6. If the jury find that the defendants sold the stocks in question in their own interest, and to save themselves, the plaintiff is entitled to a verdict.”
The request was denied, and plaintiff excepted. At first blush these rulings may seem indefensible, but reflection has convinced me that under the peculiar circumstances of this case they were not erroneous. The fair import of the language used, when considered with the other facts In the case, was that the def mdants, in the exercise of a proper discretion, had the right to sell to protect themselves against a loss that might possibly ensue if they carried the stocks and bonds in question too long. These were not deposited with them for purposes of permanent investment, but had been purchased on their own credit for the account of the plaintiff, on a [116]*116margin, and the plaintiff was largely indebted to the defendants for advances thereon. Upon a fall of the margin below five per cent, the interests of the plaintiff and of the defendants became in fact identical with regard to such stocks and bonds. So, independently of the instrument of September 18, the defendants possessed the right of a pledgee to sell on demand and reasonable notice, for the purpose of reimbursing themselves for their advances, and if such demand had been made, and the notice given, the defendants would have had an absolute right to sell. By that instrument the plaintiff waived her right to such demand or notice. Having acquired by such waiver, the right to sell for their own protection, all the defendants were bound to do, was to act in good faith.
The question whether or not the defendants, on September 28, waived their discretionary .right to sell for the period of twenty-four hours, was also submitted to the jury under instructions quite favorable to the plaintiff', and under such instructions and the evidence in the case, the jury must be presumed to have found either that no such waiver took place, or, if it did, that the plaintiff subsequently ratified the sale.

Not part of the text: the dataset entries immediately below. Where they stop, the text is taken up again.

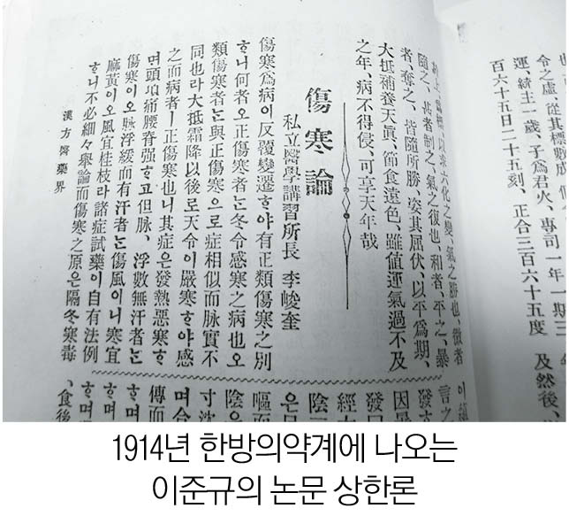 그는 1914년 1월 한국 최초의 한의학학술잡지인 『漢方醫藥界』 제2호에 「傷寒論」이라는 제목의 글을 싣는다. 내용은 아래와 같다. (필자의 번역)
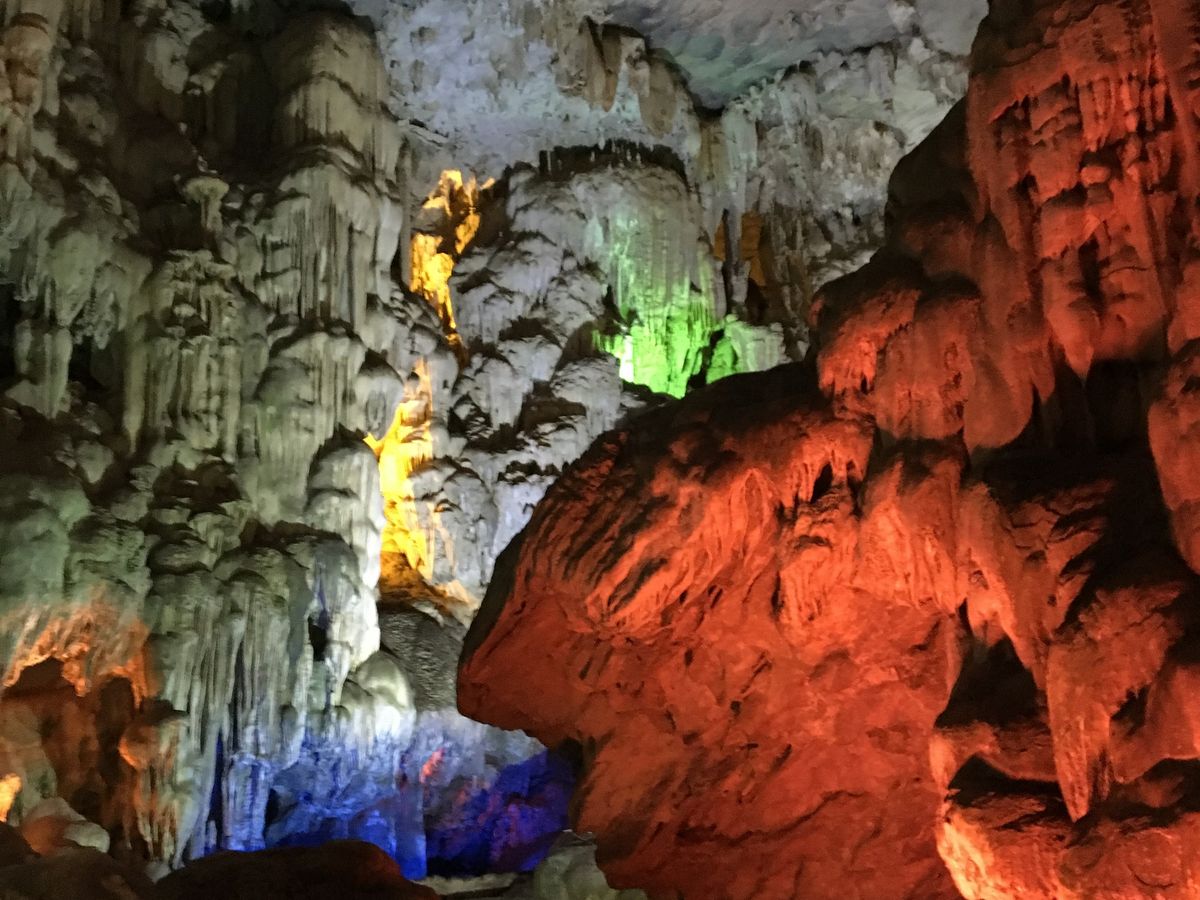 鍾乳洞は思ったより広く歩きました。確実に靴をお勧めします。ライトアップは綺麗でした。
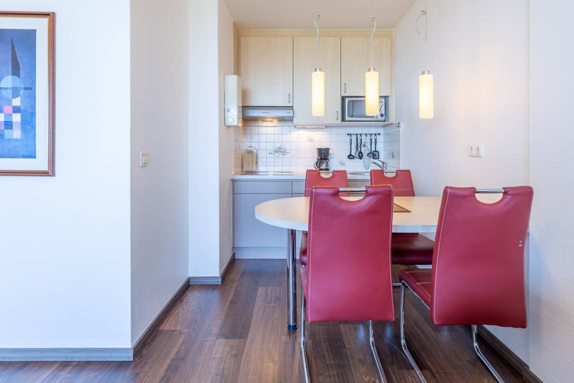 Der lichtdurchflutete Wohnbereich bietet ein komfortables Sofa und zwei Sessel zum Relaxen. Flachbild-TV und kostenloses WLAN sorgen für beste Unterhaltung. Die angrenzende Küchenzeile mit Esstisch bietet ausreichend Platz für bis zu vier Personen. Nach einem erlebnisreichen Strandtag können Sie den Abend ganz entspannt mit Blick auf den Sonnenuntergang ausklingen lassen. Ein separates Schlafzimmer mit Doppelbett und ein weiteres Schlafzimmer mit Etagenbett sorgen für einen erholsamen Schlaf.
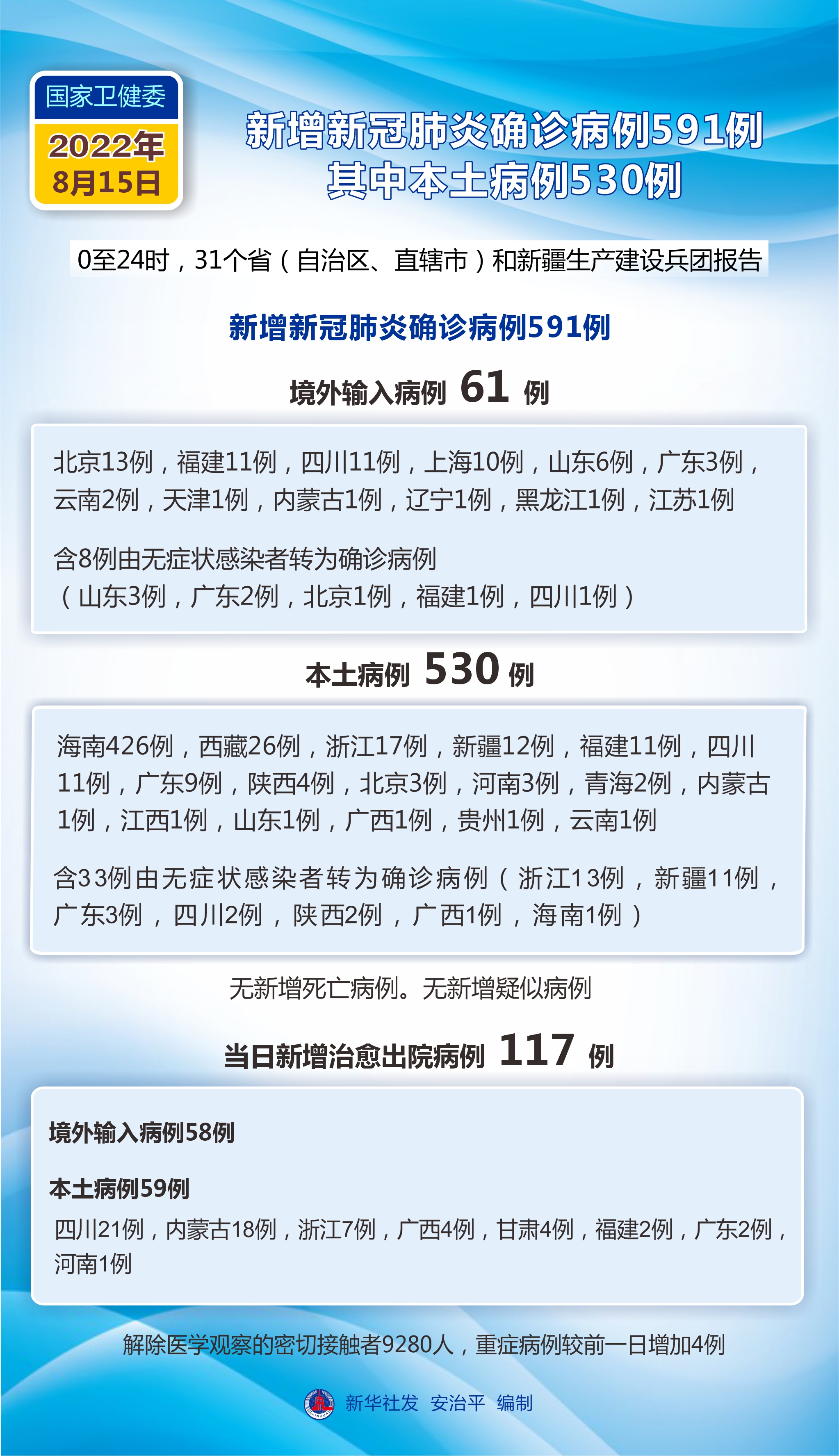 國家衛(wèi)生健康委員會8月16日通報,8月15日0至24時,31個?。ㄗ灾螀^(qū)、直轄市)和新疆生產(chǎn)建設(shè)兵團(tuán)報告新增新冠肺炎確診病例591例。

As the authority given to the defendants enabled them to sell without notice at public or private sale, a sale at the board of brokers was valid (Milliken v. Dehon, 27 N. Y. 364).
The exception taken at folio 351 relates merely to the form of the question, and is quite unimportant when considered either in connection with the other evidence upon the same point, or the merits of the case.
Plaintiff's exceptions should be overruled, and the defendants should have judgment on the verdict, with costs.
Vah Yokst and Speik, JJ., concurred.